SJennifer Crow saw a marked improvement in the pain of her inflammatory arthritis symptoms shortly after starting methotrexate treatment in February. Since then, she’s taken the drug weekly. So her stomach dropped on July 1, when she got an automated call from her pharmacy saying her methotrexate refill for the month hadn’t been approved.
Crow, 48, lives in Tennessee and was distraught by the disruption until she saw it on social media. other people were reporting similar denials. Methotrexate—which in high doses is used as a chemotherapy drug—is sometimes prescribed to induce abortions, complicating its use in states that have restricted abortion access in the aftermath of Roe v. Wade being overturned.
Crow eventually did get her medication after her doctor re-processed the refill request, but she says temporarily going without it caused her pain and fatigue to flare up—and made her nervous about the future. While neither Crow’s doctor nor her pharmacy explicitly said that methotrexate’s link to abortion affected her prescription, she feels the timing is suspicious. Tennessee, her home state forbids abortions within six weeks. It is preparing to ban abortions in its entirety next month.
Crow believes that pharmacies will be able to have more clear policies regarding non-abortion-related prescriptions of methotrexate. But if not, “we’re going to be test cases,” she says. “That still worries me.”
Methotrexate, an antimetabolite is a drug which suppresses certain cell functions. It is commonly administered by injectable or orally. It’s approved by the U.S. Food and Drug Administration to treat some cancers, but it’s also commonly used for conditions including lupus, arthritis, and psoriasis. It is also used by doctors to stop ectopic pregnancy. This occurs when a fertilized egg is born outside of the uterus. The unviable pregnancy can cause serious complications. Methotrexate stops cells from growing and ends pregnancy.
While methotrexate is not one of the drugs typically used in an elective medication abortion—those drugs are mifepristone and misoprostol—it can be used for that purpose. It is not recommended to use methotrexate if you are pregnant.
Texas is one of the states that have specific laws which specifically identify methotrexate (as an abortion-inducing medication) and place restrictions on its usage. Texas’ law does note, however, that such drugs are prescribed for non-abortion-related reasons that are exempt from those regulations.
Similar distinctions are made in other states. In Kentucky, a “trigger” law banned nearly all abortions in the state after Roe v. Wade Although the policy was overturned it is still being enforced in court. But on July 1, the Kentucky Board of Pharmacy emailed pharmacists and pharmacy interns in the state to remind them that, under Kentucky state law, “if a pharmacist receives a prescription and it doesn’t say, ‘for the induction of abortion,’ they can assume that it’s not for abortion,” explains executive director Christopher Harlow.
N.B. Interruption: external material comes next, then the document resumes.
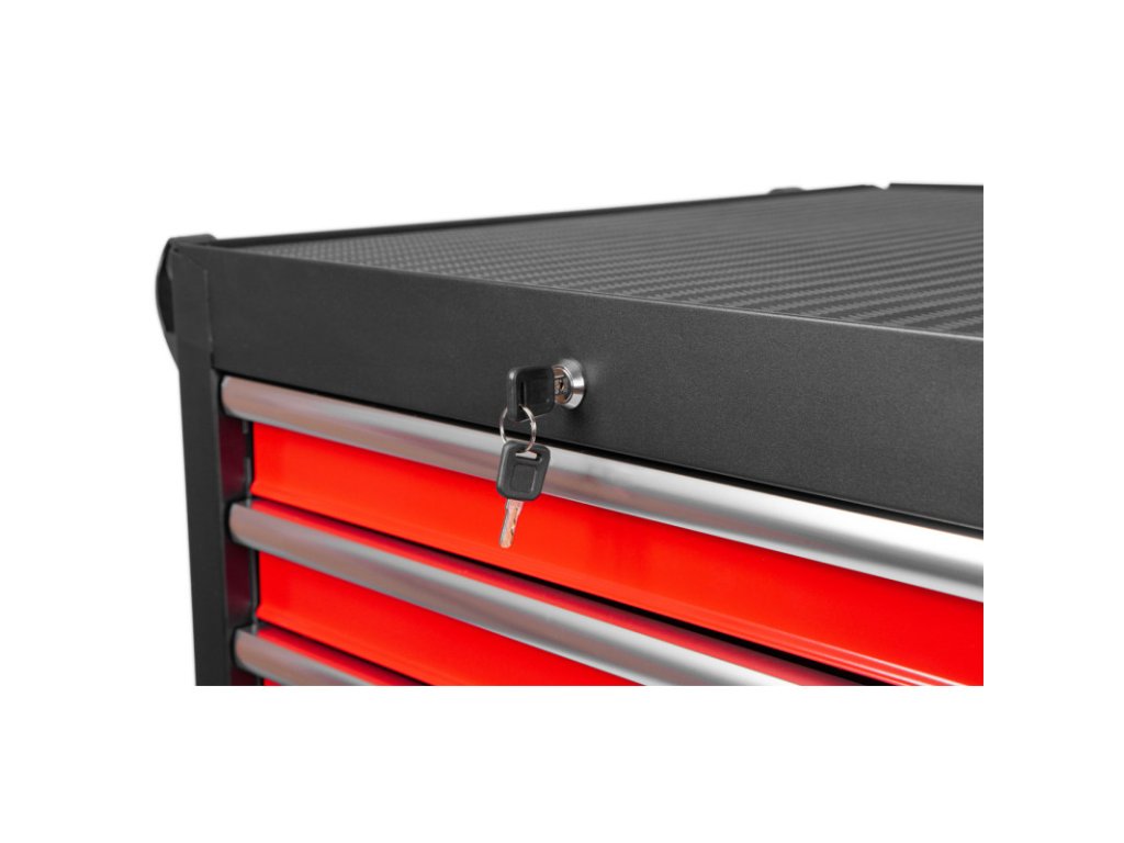 Součástí vozíku jsou také dvě sady zámků s klíči pro zajištění bezpečnosti vašeho nářadí.

This means pharmacists may fill prescriptions for drugs like methotrexate normally, if there’s no indication that it’s meant for abortion.
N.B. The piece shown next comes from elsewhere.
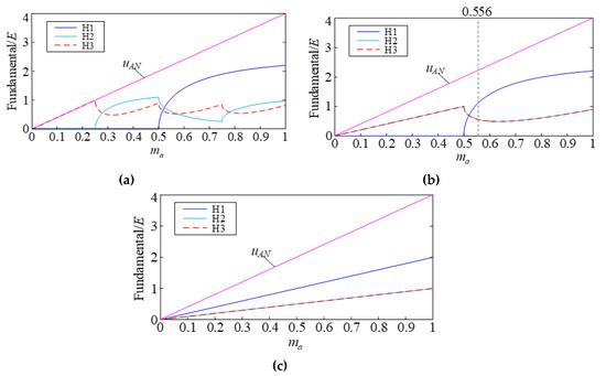 Figure 3a illustrates the relationship between the fundamental wave of the output voltage of each unit and the modulation depth obtained by the traditional modulation strategy in [18]. The fundamental amplitude of the three elements cannot be linearly related to the modulation depth. According to the analysis of Equation (7), it can be seen that this modulation strategy cannot achieve power balancing. Figure 3b shows the relationship between the amplitude of the fundamental voltage of the output voltage and the modulation depth of the three units at full modulation. It can be seen that uH1(1) : uH2(1) : uH3(1) = 2:1:1 is only available when the modulation depth is ma = 0.556, which achieves output power balance between three units, under the other modulation depths, the amplitude of the fundamental voltage of the three units cannot satisfy this relationship.

Harlow claims that the board has never received reports about patients not being able to get prescriptions. However, other organizations have reported that they received reports of patients being denied prescriptions.
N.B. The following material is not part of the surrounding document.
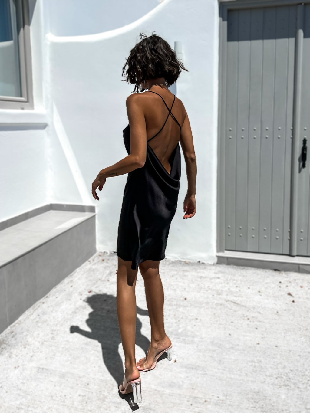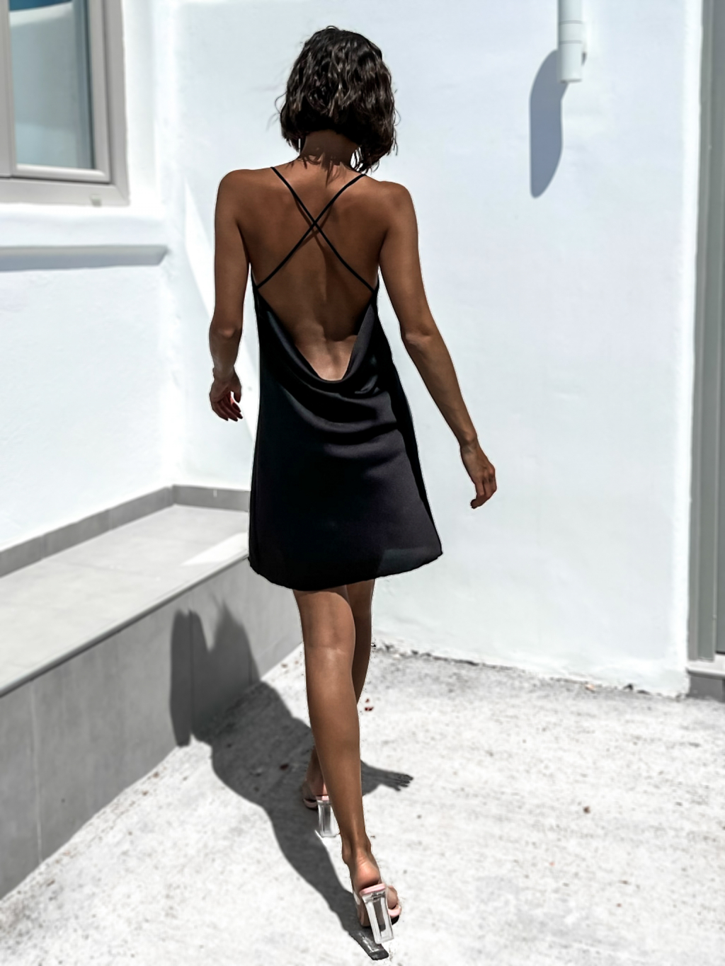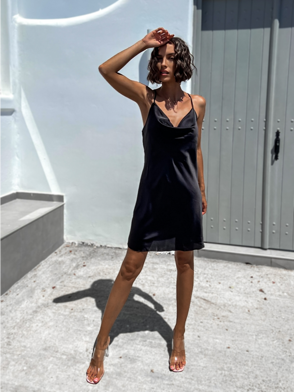 Čierne lesklé šaty IZZY s tenkými ramienkami

“We have heard of a handful of cases of patients being completely denied [prescriptions] simply because they’re of childbearing age,” says Steven Newmark, director of policy at the Global Healthy Living Foundation, a nonprofit that supports people with chronic illnesses. Other patients have been told they “need to go back to their doctor, or the pharmacist has to check with the doctor, or the doctor is being wary and more reluctant” to prescribe drugs like methotrexate, Newmark says.
Michael Murphy, American Pharmacists Association’s advisor on state government affairs, said that pharmacists might be more reluctant to fill prescriptions for methotrexate if they are practicing in states where abortion providers could be legally and financially held liable. Laws vary quite a bit from state to state, and many leave enough gray area that it’s not always obvious when or how someone could be liable.
It’s also not clear how many patients have been denied methotrexate, though a numberThis is peopleHave shared their experiencesSocial media. Several health groups—including the Lupus Foundation of America, Arthritis FoundationPlease see the following: American College of Rheumatology—recently posted statements about reported access issues and told patients to contact them if they ran into problems.
Murphy says reports of patients being denied methotrexate are anecdotal, so it’s hard to get a handle on how common they are. But, he says, “any reports of patients not being able to receive their medications and maintain that continuity of their care is very concerning for us as pharmacists.”
Newmark hopes that states will make a commitment to keep these drugs available, so it doesn’t become a major problem. “If things don’t get remedied quickly,” he says, “it’s going to require more action.”